• **Data provided**
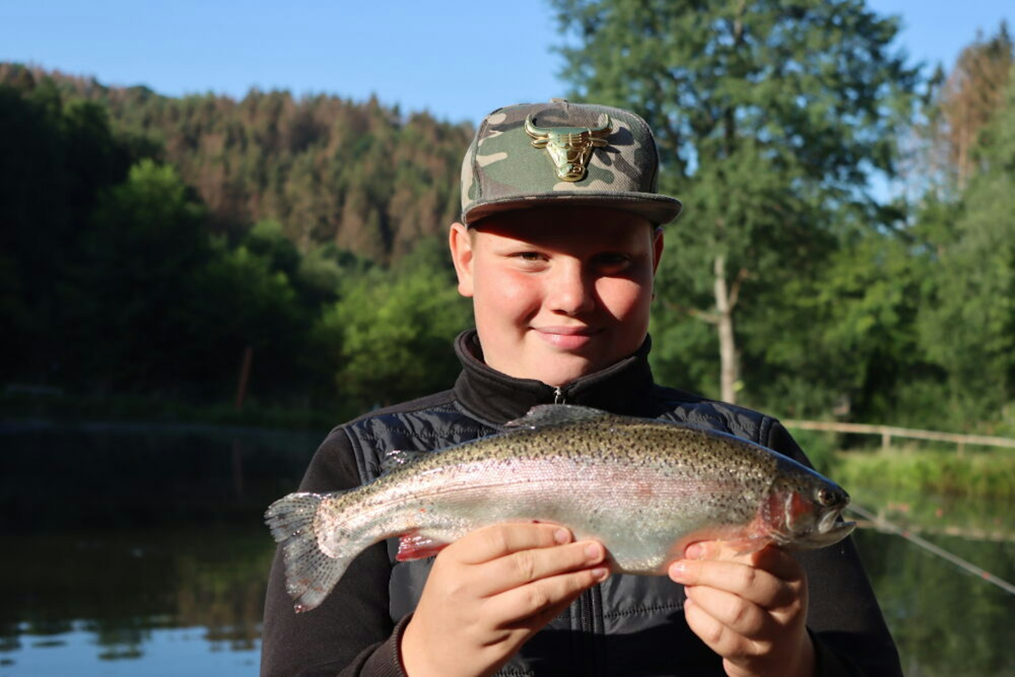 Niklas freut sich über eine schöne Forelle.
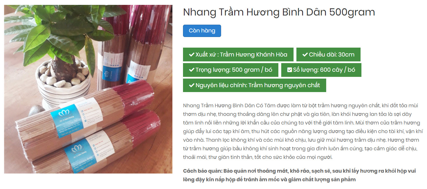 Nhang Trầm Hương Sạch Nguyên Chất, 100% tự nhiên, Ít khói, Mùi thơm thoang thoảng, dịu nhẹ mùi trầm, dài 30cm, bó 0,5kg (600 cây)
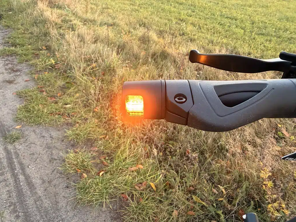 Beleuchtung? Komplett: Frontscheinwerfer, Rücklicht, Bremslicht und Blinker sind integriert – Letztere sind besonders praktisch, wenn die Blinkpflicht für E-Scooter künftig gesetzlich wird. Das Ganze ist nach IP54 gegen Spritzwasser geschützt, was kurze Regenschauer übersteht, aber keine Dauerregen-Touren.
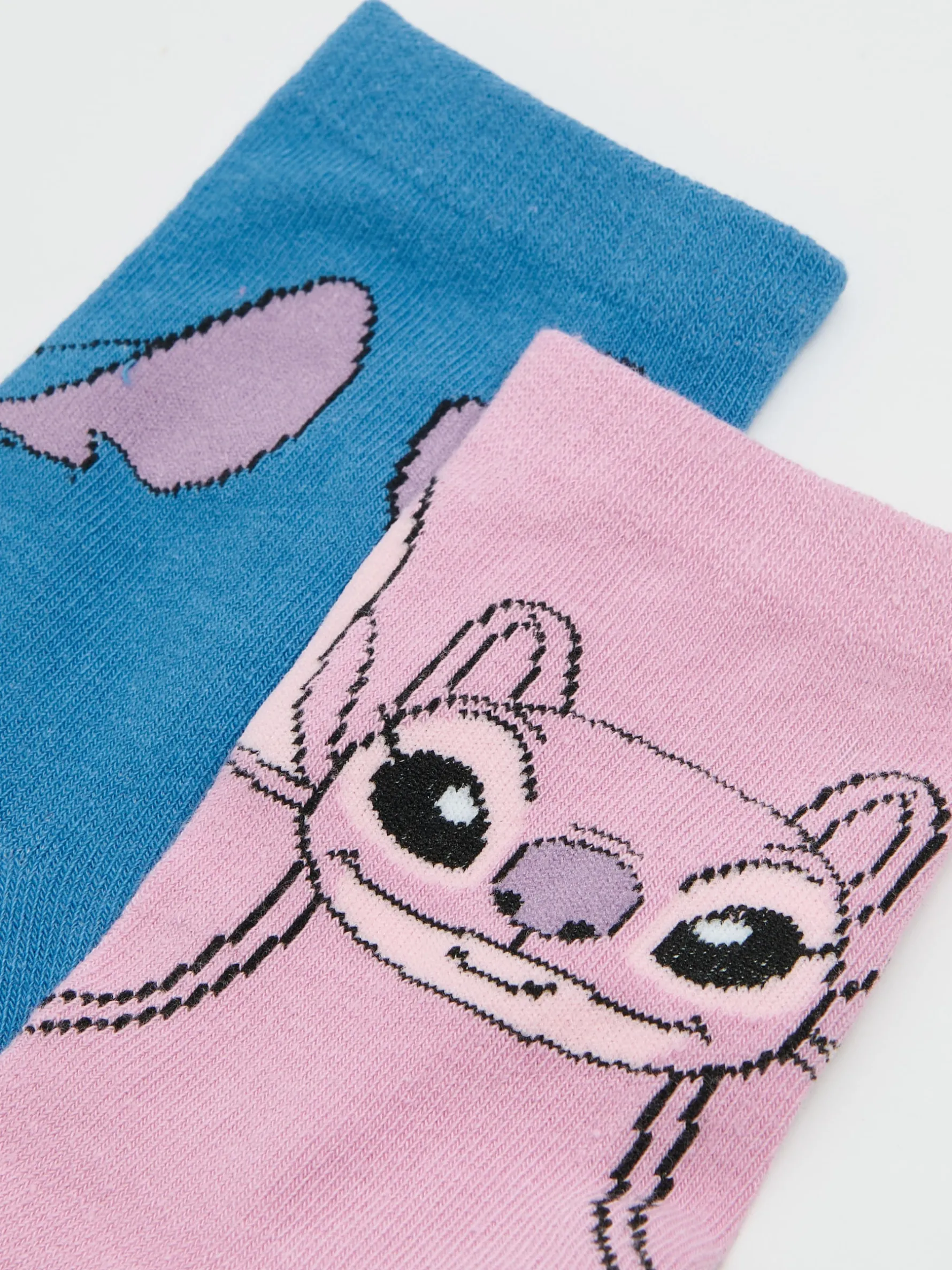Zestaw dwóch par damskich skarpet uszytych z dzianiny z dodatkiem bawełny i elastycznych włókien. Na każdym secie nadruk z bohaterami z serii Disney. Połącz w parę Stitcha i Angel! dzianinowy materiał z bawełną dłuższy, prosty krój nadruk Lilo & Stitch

• **Directions for this task**
Quote exactly the lines from the line that contains "Beleuchtung? Komplett: Frontscheinwerfer, Rücklicht, Bremslicht" through the last line of the listing, please, leaving out all pictures.

• **Reply**
 Beleuchtung? Komplett: Frontscheinwerfer, Rücklicht, Bremslicht und Blinker sind integriert – Letztere sind besonders praktisch, wenn die Blinkpflicht für E-Scooter künftig gesetzlich wird. Das Ganze ist nach IP54 gegen Spritzwasser geschützt, was kurze Regenschauer übersteht, aber keine Dauerregen-Touren.
Zestaw dwóch par damskich skarpet uszytych z dzianiny z dodatkiem bawełny i elastycznych włókien. Na każdym secie nadruk z bohaterami z serii Disney. Połącz w parę Stitcha i Angel! dzianinowy materiał z bawełną dłuższy, prosty krój nadruk Lilo & Stitch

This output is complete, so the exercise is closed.